Appropriately, the St. Petersburg String Quartet brought something outside the usual Germanic core repertory to kick off the Music Guild’s season at Cal State Northridge’s Performing Arts Center on Monday night--a mostly Russian program offset by Ravel. They also brought a new violist, Alexei Koptev, and, thanks to an enterprising local arts patron, members of the quartet were playing some precious instruments (including a 1712 Stradivarius violin) for their Southern California concerts.

This quartet clearly identifies with Shostakovich: In the early ‘90s, it began recording a very good cycle of the composer’s quartets for Sony’s St. Petersburg Classics label, getting through Nos. 1-5 and 7 before the label was scuttled (new remakes of Nos. 2 and 3 are now out on Hyperion). So it came as no surprise that the emotional core of the evening was occupied by Shostakovich’s Quartet No. 8 (replacing the originally scheduled Quartet No . 4).
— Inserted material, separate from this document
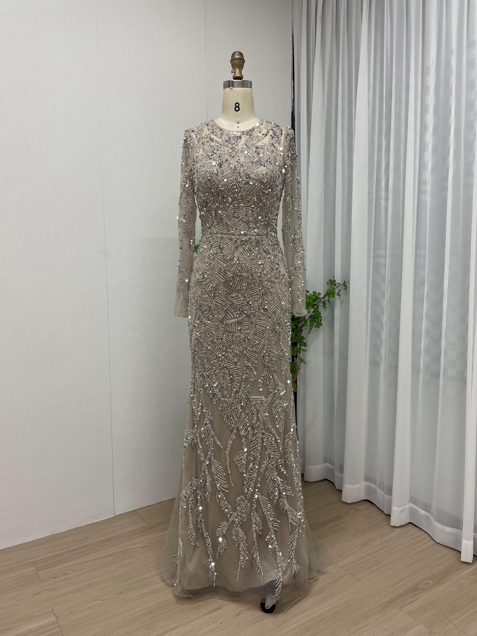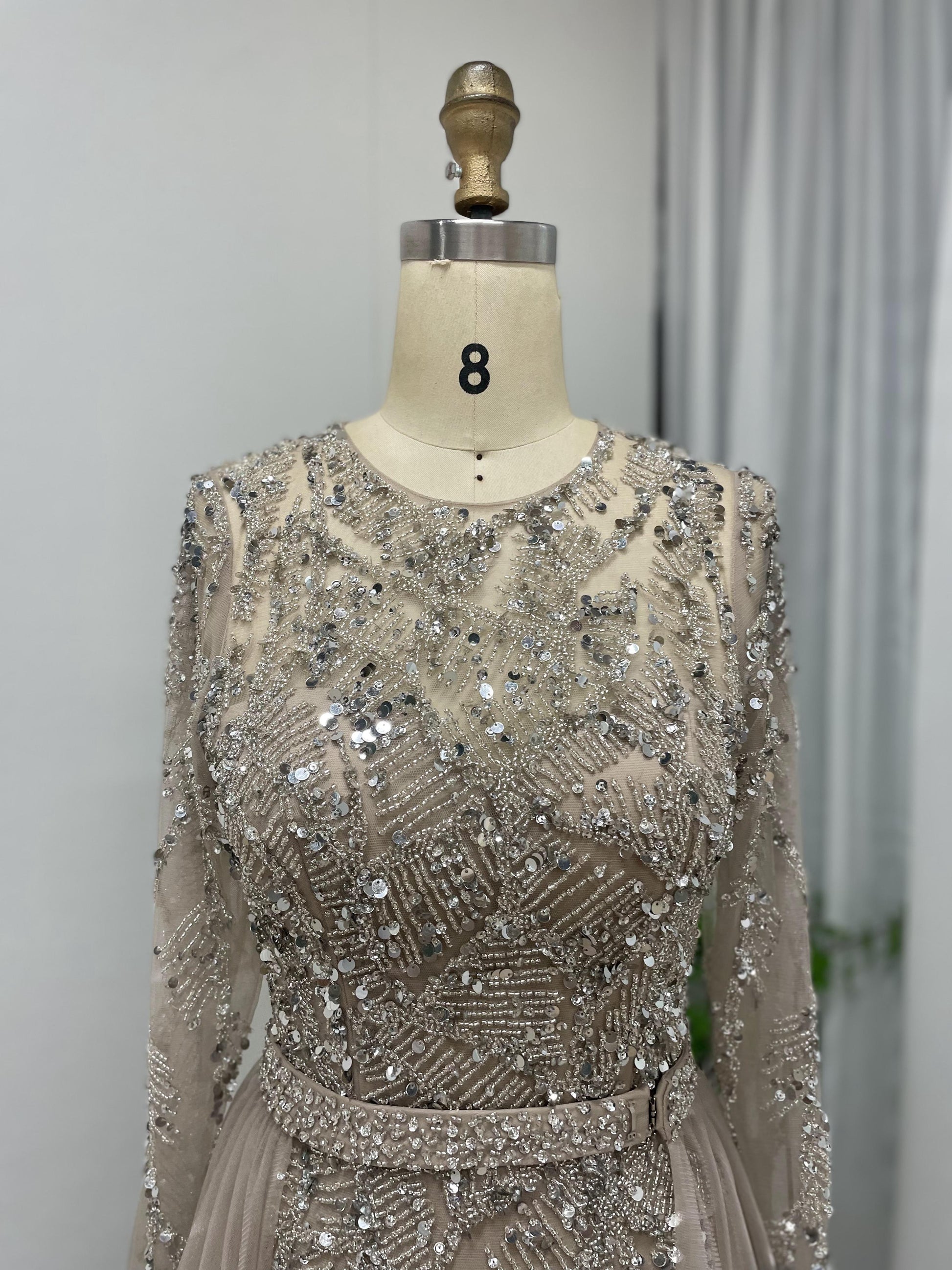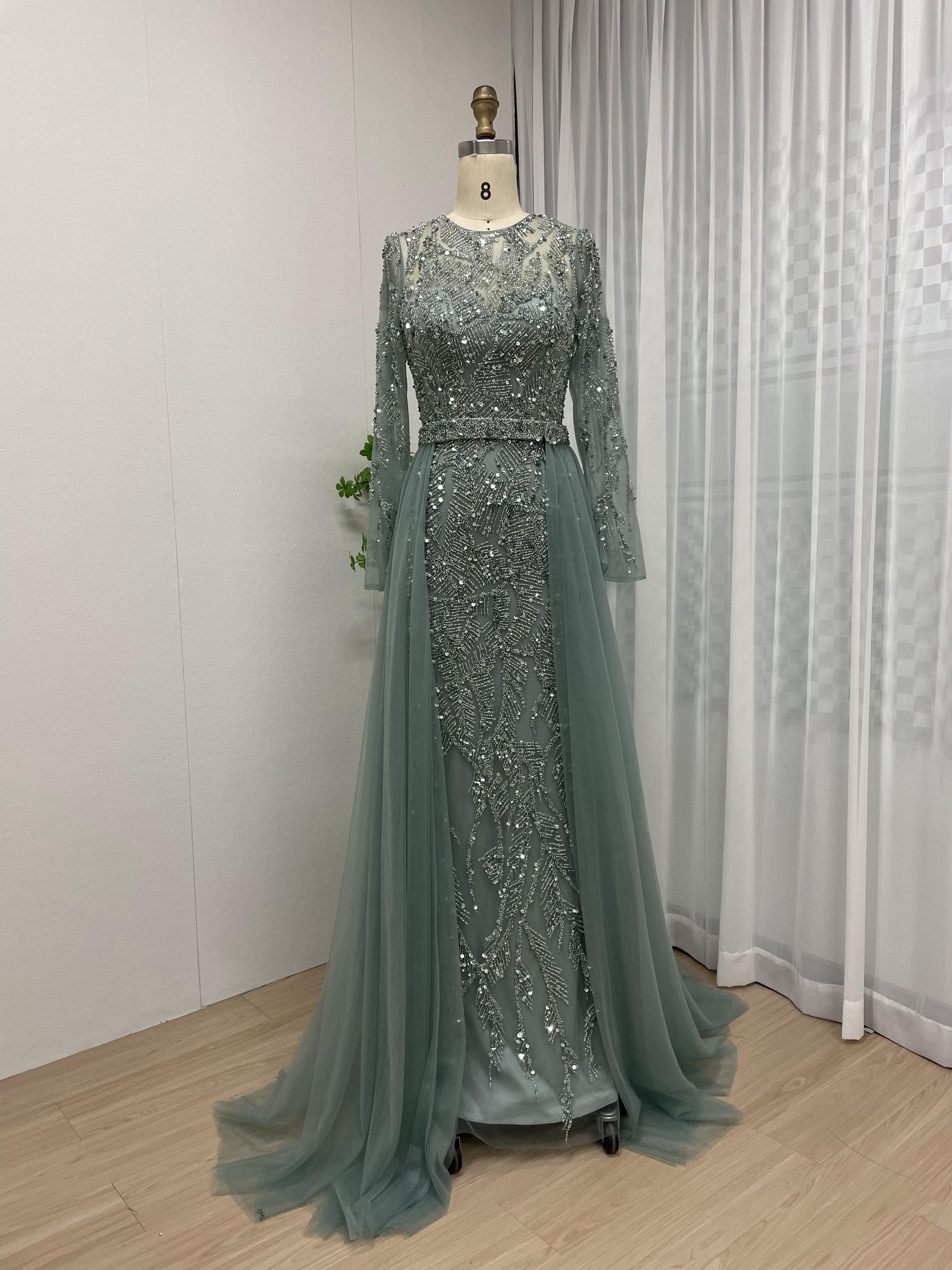 Luxury Handmade Beading Long Sleeve Wedding Party Evening Dress With Overskirt MB40214

The Eighth is the most often performed of the cycle and the easiest with which to make an impression, given its intense autobiographical content (what with the composer’s musical signature, spelling out his initials in German, popping up everywhere and those three harrowing rapped chords that suggest the knocking of the secret police). Some quartets attack this work with driving white heat, and St. Petersburg’s certainly provided plenty of that in the second movement--yet the strongest impression was one of bleak, toneless resignation, all passion spent, which was ultimately quite moving.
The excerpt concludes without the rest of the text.